Two pharma giants completed facilities focused on cell therapy development. In September, Takeda Pharmaceutical opened a new R&D cell therapy manufacturing facility within its research headquarters in Boston. In October, Astellas Pharma opened a $120 million facility to be occupied by the Astellas Institute for Regenerative Medicine (AIRM). The new facility, which is located in Westborough, MA, is to focus on cell therapy manufacturing as much as on R&D.
Cell therapy financing grew at an impressive rate. According to the Alliance for Regenerative Medicine, cell therapy financing as of November 2020 reached $3 billion in the third quarter and $11 billion year to date, up 97% and 242%, respectively. The number of Phase I trials assessing cell therapies increased from 41 to 50 (for the first three quarters of 2019 and for the first three quarters of 2020, respectively) but dipped in Phases II and III. Overall, the number of clinical trials decreased from 218 to 202 trials as of the third quarter.
7. Synthetic biology: In the money
SynBioBeta recently shared some numbers illustrating the increasing allure of synthetic biology to investors. During the first half of 2020, total financing in the sector reached $3.041 billion (among 56 companies). During the first half of 2019, it was $1.9 billion (among 65 companies). The largest financing, $700 million, was raised by Sana Biotechnology, a developer of therapies that are based on engineering cells.

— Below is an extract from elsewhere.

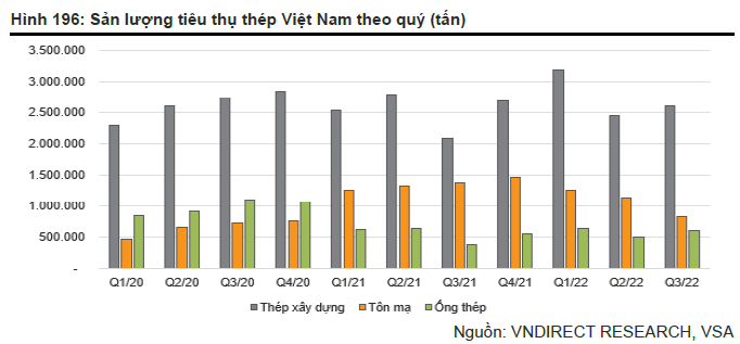 Giá thép toàn cầu tiếp tục giảm trong quý 4/2022 ở tất cả các phân khúc, trong bối cảnh nhu cầu yếu do lo ngại về suy thoái kinh tế toàn cầu và giãn cách xã hội tại Trung Quốc. Tại Việt Nam, tổng sản lượng tiêu thụ thép (bao gồm thép xây dựng, ống thép và tôn mạ) tăng 5% so với cùng kỳ lên 4,05 triệu tấn trong quý 4/2022 so với mức nền thấp trong quý 3/2021 (Hiệp hội Thép Việt Nam - VSA).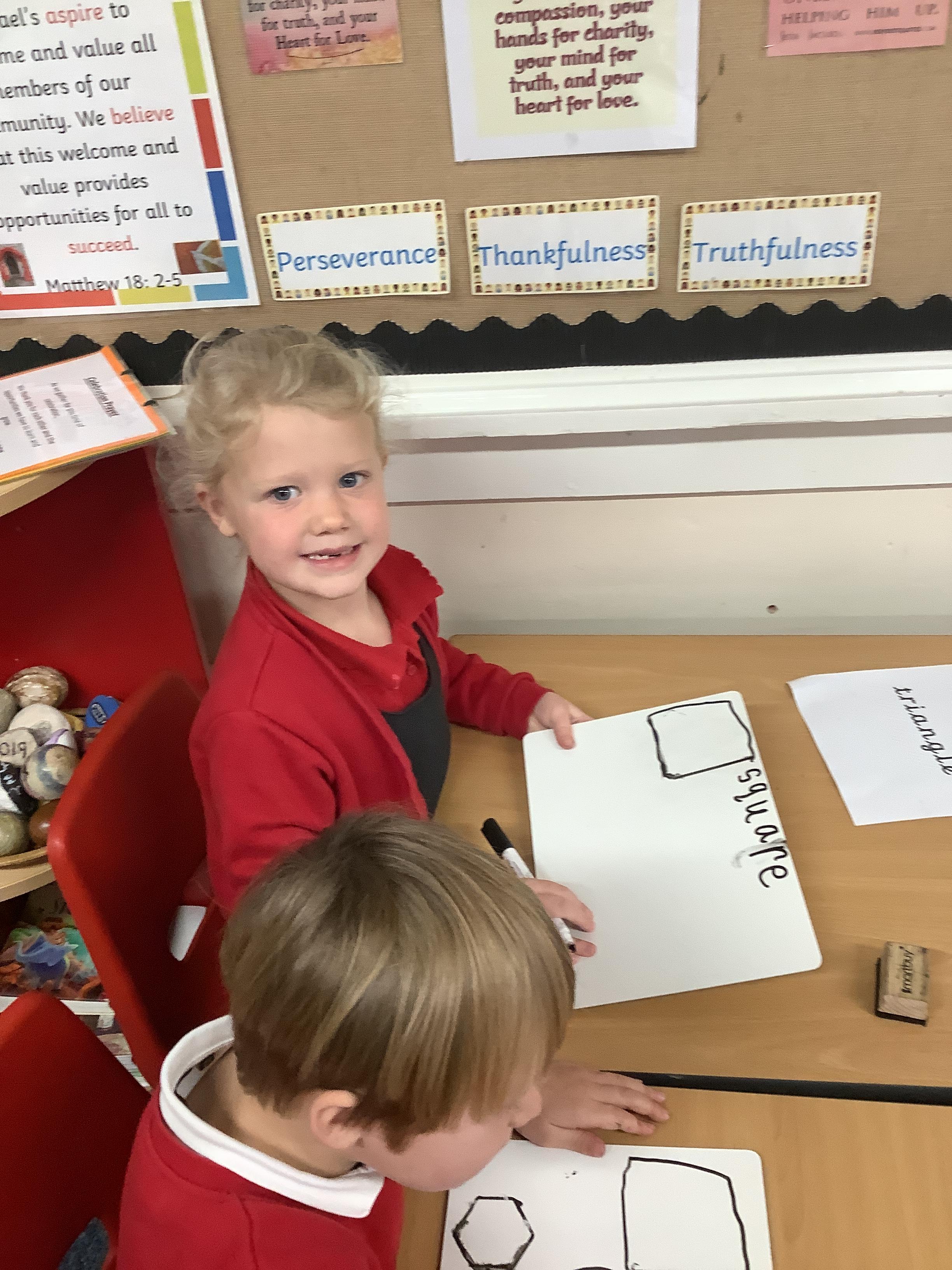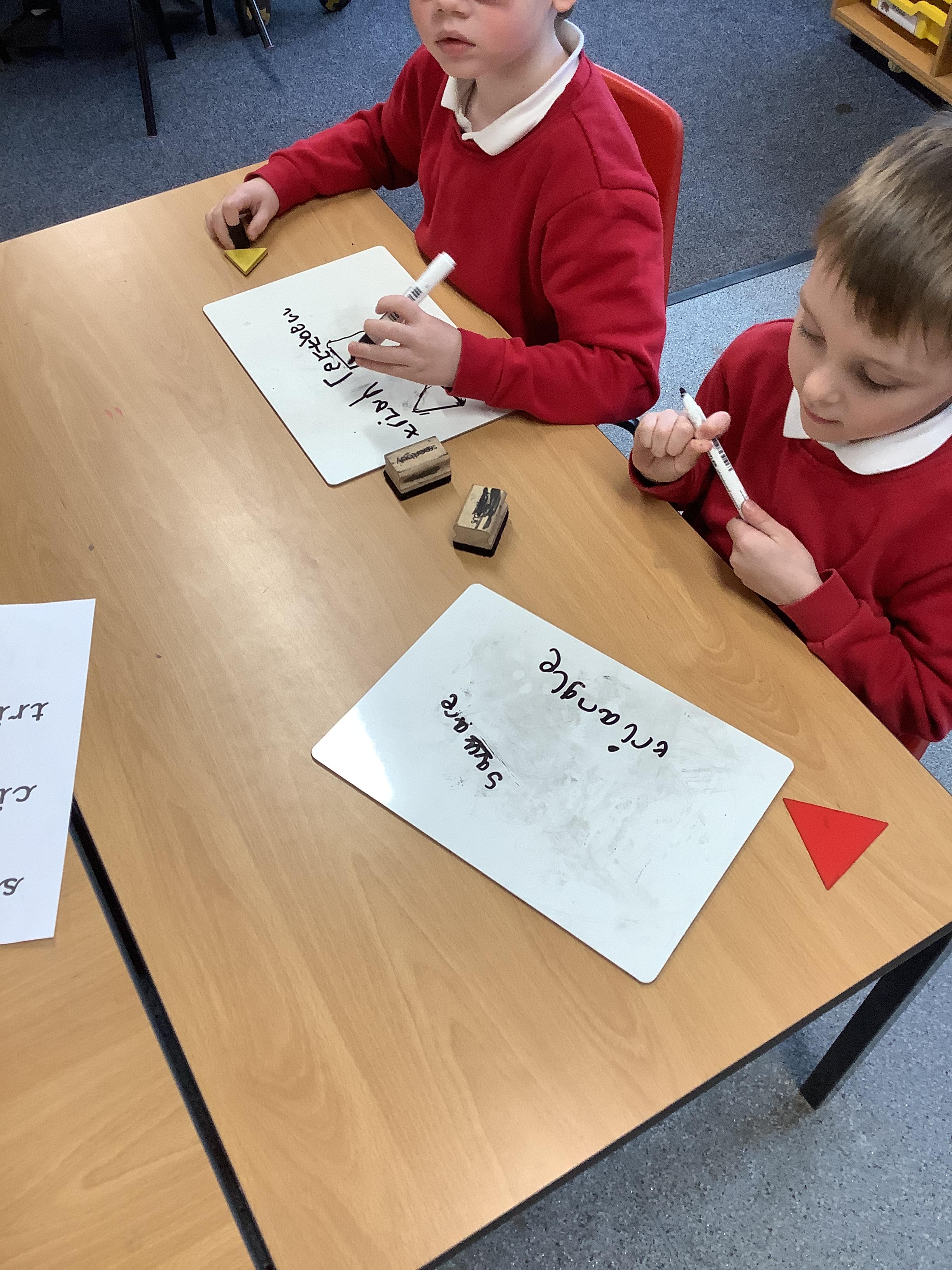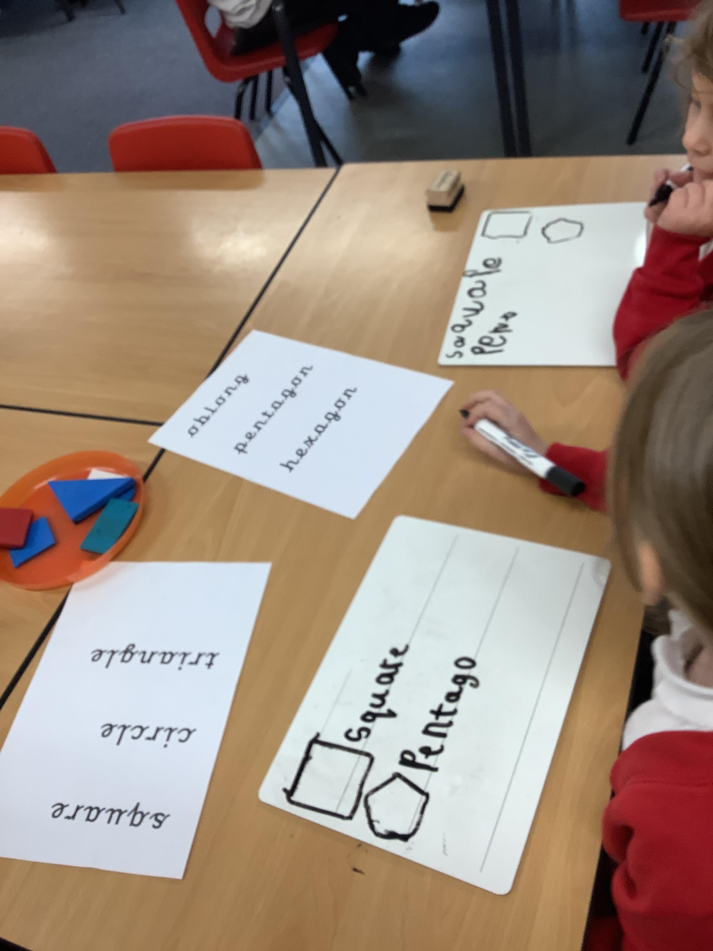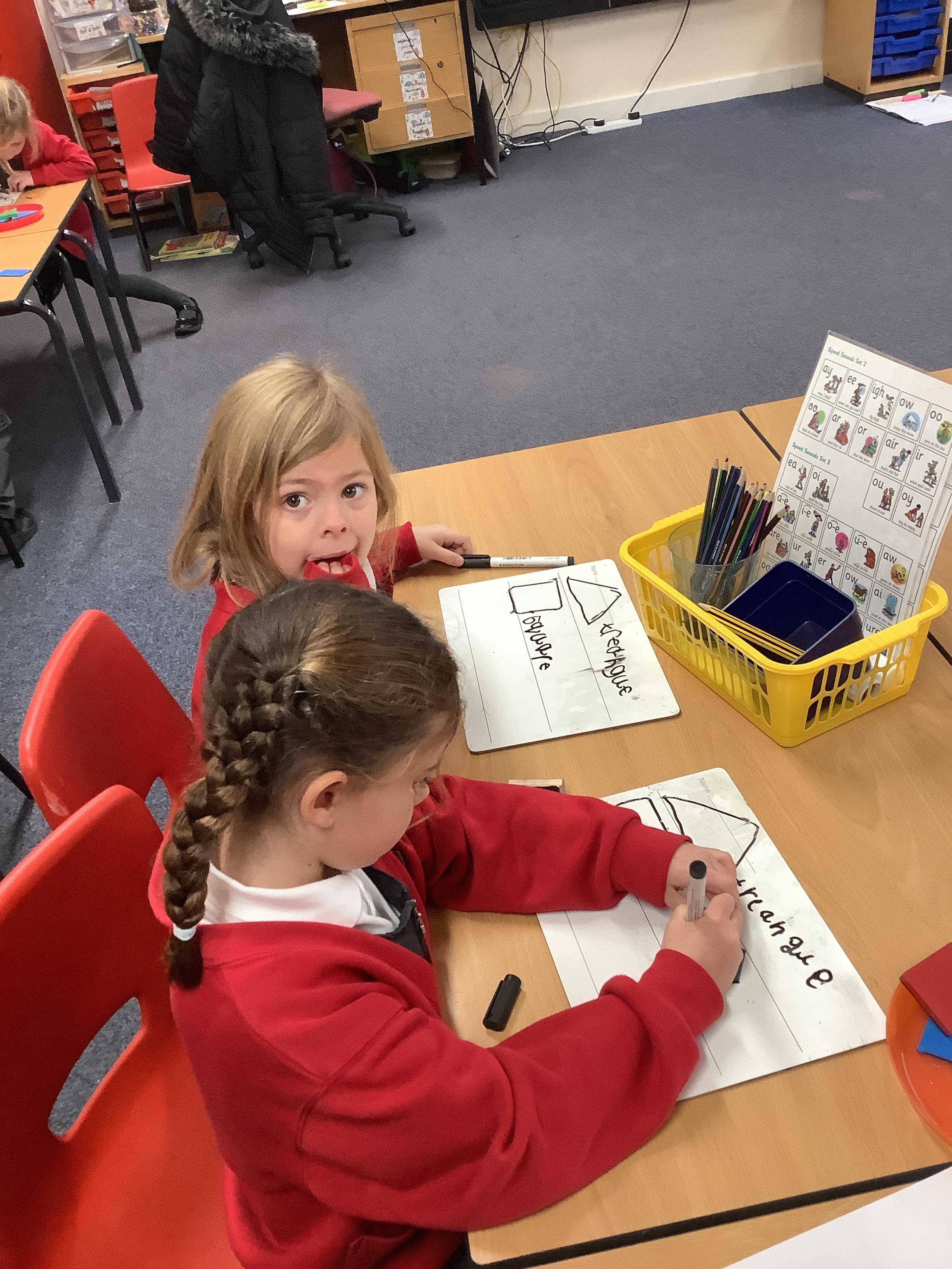 In Maths we sorted 2D shapes and explained to our partner how we had sorted them.

The synthetic biology money train continued into the second half. In September, Zymergen raised $300 million intended to propel its expansion into the $3 trillion chemical and materials industries; accelerate the manufacture of its biofabricated Hyaline film for electronics applications; and commercialize additional products with applications in electronics, agriculture, consumer care, and healthcare.

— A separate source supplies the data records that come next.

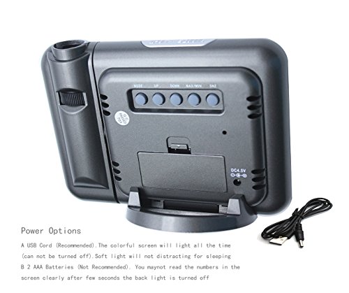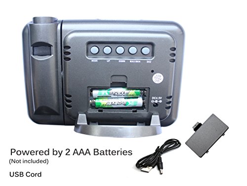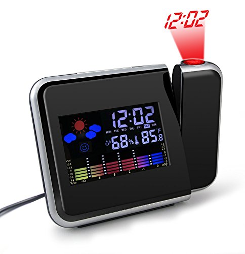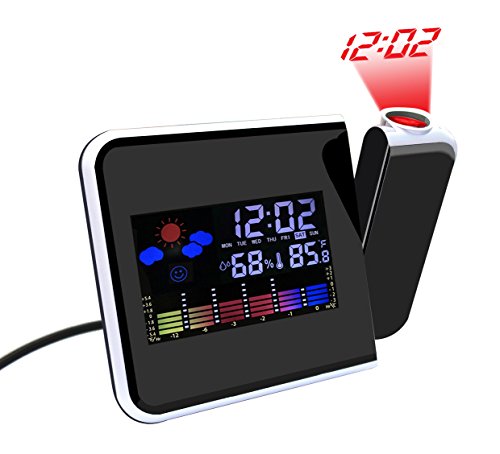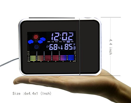 Specification: 1.Calendar Range: 2000-2099 DC 2.Temperature Range: -10 ~ 60°C( 14.2 ~ 140 °F ) 3.Humidity Range: 20%~99% 4.12-hour temperature trend curve 5.Several weather forecast: sunny, cloudy, rainy. 6.Query the history of MAX and MIN, update the temperature and humidity automatically. Package content: 1 X Digital Alarm Clock 1 X USB Charging Cable 1 X User Manual Note: 1 When you use battery, backlight and projection can last up to 8 seconds. When you put in the outlet,backlight and projection can stay on 24hrs everyday. 2 Adjust the best angle projection in the wall before you sleep. 3 If any problems/Concerns about the clock or setting, feel free to contact us. 0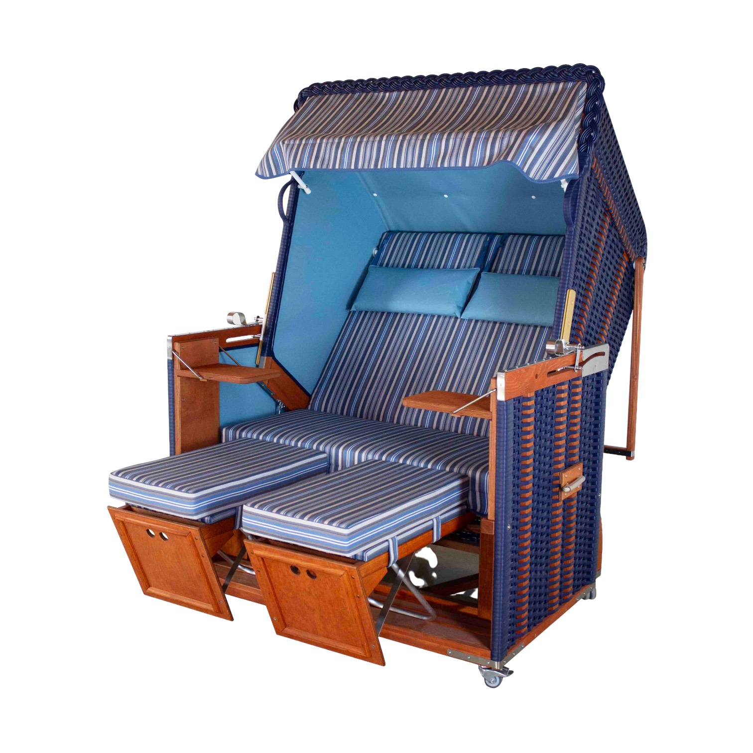 Der blau-gestreifte Bezugsstoff passt wie die Faust aufs Auge, so dass es auch bei genauerer Betrachtung nie langweilig wird. Die dicken Fußpolster und die Nackenkissen sorgen dabei für den Wohlfühlmoment.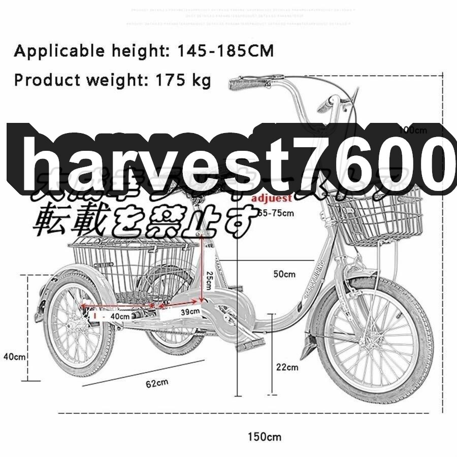 状態:新品未使用 着実かつ頑丈:この人力車の三輪車は、高炭素鋼の厚みのあるボディのボディで設計されており、より強力です。 より安定した4本のタイヤを装備。 ディファレンシャルギア、よりスムーズなステアリング、より小さな回転半径。 フロントとリアのディスクブレーキ。 高さ調整可能:座席の高さは、あなたの高さに応じて自由に調整することができます。なハンドルバーは、快適なグリップとライディングのための高品質のゴム製です。容易ライダーの安全性を確保する。 ていしブレーキ:ブレーキを押しながら、駐車ボタンを押して、ブレーキを止めて、ブレーキの状態を維持します。再度ブレーキを押して、ボタンは自動的に飛び出して、ブレーキのブレーキを放して、車両は正常に走行することができます デュアルブレーキシステム:前後のデュアルブレーキシステム、敏感なブレーキ。フロントブレーキキャリパーとリアブレーキキャリパーは、両親の安全を保護することができます。 負荷容量:160kg塗装工程:ニスを焼く体材:高炭素鋼リム:ダブルリムを厚くしました製品の利点:便利/走行/アンチロールオーバー/ローディング手動測定により、2~3 cmの誤差をお楽しみください。特徴:1.大容量ショッピングバスケット2.最大170kgの容量を支える強い鋼構造3.マッドガードを持つ大きな車輪はそれらをきれいに乾かします4.人間工学的なゴム製ハンドルはあなたが便利に感じさせるようにします5.滑り止めと耐摩耗性のゴム製タイヤ6.安全で敏感なデュアルブレーキシステム7.調整可能なシートとハンドルバー8.自転車のフロントフレームは環境にやさしいプラスチック製で、高プラスチックで、変形しない適用可能な目的:大人/高齢者駐車場、駐車場:簡単にそれが簡単に乗るに高齢者のために作る、モードを切り替えますブレーキをロックし、ブレーキ状態を維持すると同時に、ブレーキを押し駐車バックルを押したままプレスブレーキは再び、バックルは自動的にブレーキレバーを放し、ポップアップ表示されます、そして車両が正常に駆動することができますフロントとリアのデュアルブレーキディスクブレーキ:普通のブレーキと比較すると、ディスクブレーキは安定し、省力化、安全で、高速で、かつ優れたブレーキ効果を持っています1.納入後、自転車に傷がペイントされますか?自転車は大型商品です。彼らは厚いパッケージに梱包されていますが、塗装の傷少量の長距離輸送の際に避けられません。ペイント傷が品質上の問題として返されません。気にされる方は、ご注意ください。2.あなたは、あなたがそれを受信したときにそれをインストールする必要がありますか?彼らは工場を離れるとき、すべてのバイクの85%がインストールされています。お客様は非常に簡単で、残りの部分を、インストールする必要があります。しかし、あなたが車をインストールしてデバッグするプロを見つけることをお勧めします。注:長距離輸送の間に、わずかなバンプと剥離塗装は避けられません。 ★商品写真はできる限り実物の色に近づけるよう努めておりますがご使用のPCモニター設定や部屋の照明により多少、色の変化が感じられる場合がございます

“The takeaway: coronavirus is not hampering the estimated $4 trillion bioeconomy being driven by synthetic biology,” SynBioBeta founder John Cumbers, PhD, commented recently in Forbes.
If anything, COVID-19 is helping to drive synthetic biology activity and will continue to do so in 2021. Ginkgo Bioworks raised $70 million in May toward developing large-scale testing infrastructure. In July, the company announced an approximately $40 million award from the NIH Rapid Acceleration of Diagnostics Advanced Technology Platforms (RADx-ATP) program to scale its automated technology for SARS-CoV-2 testing using next-generation sequencing.